**Problem**: The lines to retype run from the one containing "Este imaginario dibuja" through the end of the listing below. Reproduce them exactly, leaving out pictures.

**Supplied data**:
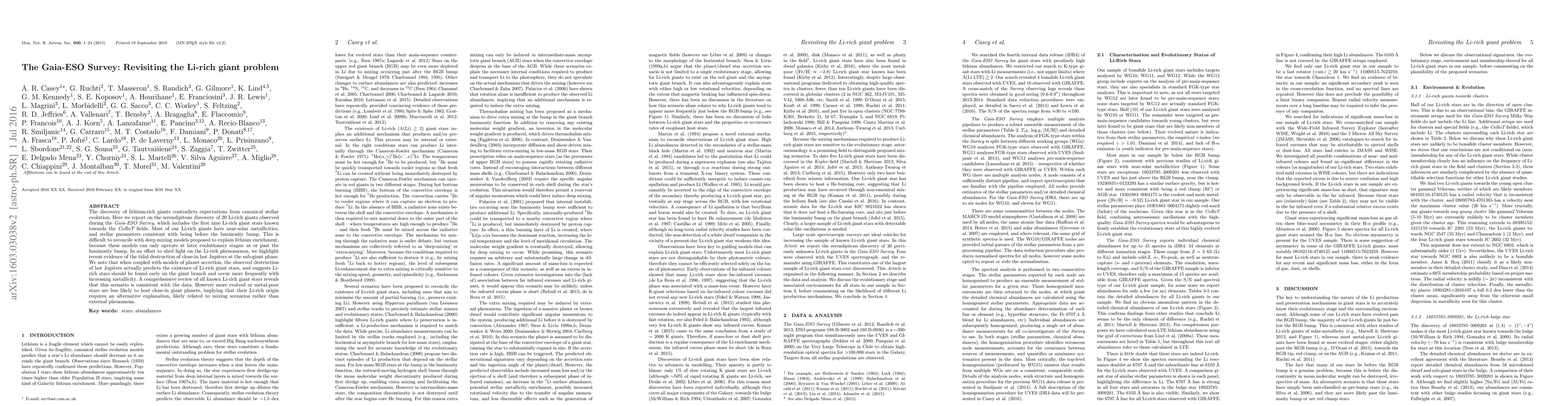 The Gaia-ESO Survey discovered 20 lithium-rich giant stars, challenging existing deep mixing models for lithium enrichment, which predict such stars should appear later in stellar evolution. The findings suggest that tidal destruction of hot Jupiters during the sub-giant phase, followed by accretion models, could explain the early appearance of Li-rich giants.
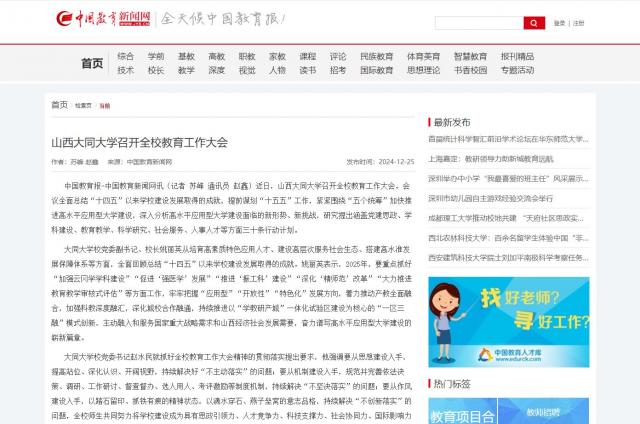 中國教育報-中國教育新聞網訊(記者 蘇峰 通訊員 趙鑫)近日,山西大同大學召開全校教育工作大會。會議全面總結“十四五”以來學校建設發(fā)展取得的成就,提前謀劃“十五五”工作,緊緊圍繞“五個統(tǒng)籌”加快推進高水平應用型大學建設,深入分析高水平應用型大學建設面臨的新形勢、新挑戰(zhàn),研究提出涵蓋黨建思政、學科建設、教育教學、科學研究、社會服務、人事人才等方面三十條行動計劃。
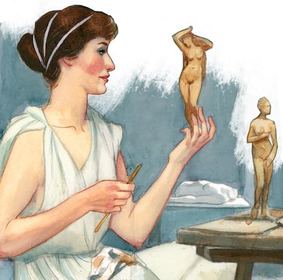 Este imaginario dibuja paraísos pretéritos de mujeres serenas, plácidamente dedicadas al hogar, la crianza y la costura. Pero la historia muestra que, durante milenios, hombres y mujeres han necesitado bregar fuera de casa para ganarse el sustento. Incluso en la Grecia de los gineceos, solo una pequeña élite podía permitirse la vida recluida de sus esposas. En Atenas hubo un gran número de esclavas sirviendo de sol a sol, y la mayoría de mujeres libres trabajaban en el campo o el comercio, la artesanía o las tareas funerarias. Aristófanes menciona a pastoras, hortelanas, posaderas, floristas, panaderas y pasteleras. En sus comedias afirmaba que la madre de Eurípides era verdulera; la de Sócrates, matrona. Como documenta Ana Valtierra en Eclipse. Creadoras y artistas en la antigua Grecia, las fuentes citan a reconocidas ceramistas, pintoras y escultoras. Por ley, sin embargo, no podían tener propiedades a su nombre, y esa tutela perpetua era un encierro doméstico sin escapatoria. Igualmente, en nuestro tiempo, sorprende el retorno de los adalides de la madre hogareña, cuando pocas familias podrían subsistir con un solo salario y la idea de un proveedor único parece una quimera.
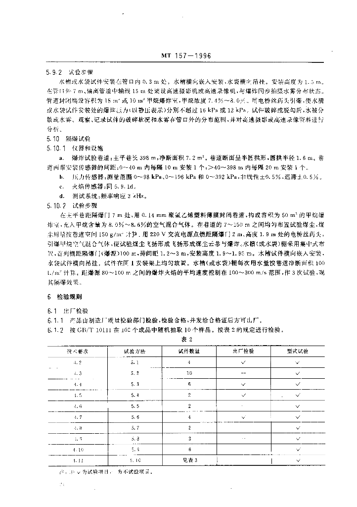 MT 157-1996 煤矿用隔爆水槽和隔爆水袋通用技术条件

**Solution for this task**:
 Este imaginario dibuja paraísos pretéritos de mujeres serenas, plácidamente dedicadas al hogar, la crianza y la costura. Pero la historia muestra que, durante milenios, hombres y mujeres han necesitado bregar fuera de casa para ganarse el sustento. Incluso en la Grecia de los gineceos, solo una pequeña élite podía permitirse la vida recluida de sus esposas. En Atenas hubo un gran número de esclavas sirviendo de sol a sol, y la mayoría de mujeres libres trabajaban en el campo o el comercio, la artesanía o las tareas funerarias. Aristófanes menciona a pastoras, hortelanas, posaderas, floristas, panaderas y pasteleras. En sus comedias afirmaba que la madre de Eurípides era verdulera; la de Sócrates, matrona. Como documenta Ana Valtierra en Eclipse. Creadoras y artistas en la antigua Grecia, las fuentes citan a reconocidas ceramistas, pintoras y escultoras. Por ley, sin embargo, no podían tener propiedades a su nombre, y esa tutela perpetua era un encierro doméstico sin escapatoria. Igualmente, en nuestro tiempo, sorprende el retorno de los adalides de la madre hogareña, cuando pocas familias podrían subsistir con un solo salario y la idea de un proveedor único parece una quimera.
 MT 157-1996 煤矿用隔爆水槽和隔爆水袋通用技术条件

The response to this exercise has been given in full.